The potential feature vector generation module is used for generating potential feature vectors for all nodes in the knowledge graph based on the meta-path random walk strategy of the heterogram;

and the cluster mining module is used for carrying out cluster calculation on the plurality of potential feature vectors to obtain a plurality of cluster results, and taking a plurality of nodes corresponding to each cluster result as cluster data to form a plurality of cluster data.

13. The apparatus of claim 12, wherein the apparatus further comprises:

the mapping relation establishing module is used for extracting complaint keywords in the partner data and establishing a mapping relation between the partner data and the corresponding complaint keywords;

the node similarity calculation module is used for calculating the similarity between each associated node in the knowledge graph according to the potential feature vector, and taking the similarity as the credibility score of the corresponding side in the knowledge graph;

and the partner risk rating module is used for integrating the type of at least one account node of each partner data, the mapping relation and the credibility score and evaluating the risk level of each partner data.
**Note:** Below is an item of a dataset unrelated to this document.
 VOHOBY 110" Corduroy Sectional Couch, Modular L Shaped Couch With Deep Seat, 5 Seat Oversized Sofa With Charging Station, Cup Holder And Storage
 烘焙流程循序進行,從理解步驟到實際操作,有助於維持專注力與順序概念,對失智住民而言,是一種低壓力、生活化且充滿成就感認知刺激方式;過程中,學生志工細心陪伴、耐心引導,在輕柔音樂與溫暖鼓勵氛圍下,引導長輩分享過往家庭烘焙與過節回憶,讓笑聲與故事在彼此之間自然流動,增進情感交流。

14. An electronic device, comprising:

One or more processors;

storage means for storing one or more programs,

wherein the one or more programs, when executed by the one or more processors, cause the one or more processors to perform the method of any of claims 1-11.

15. A computer readable storage medium having stored thereon executable instructions which, when executed by a processor, cause the processor to perform the method according to any of claims 1-11.

16. A computer program product comprising a computer program which, when executed by a processor, implements the method according to any one of claims 1 to 11.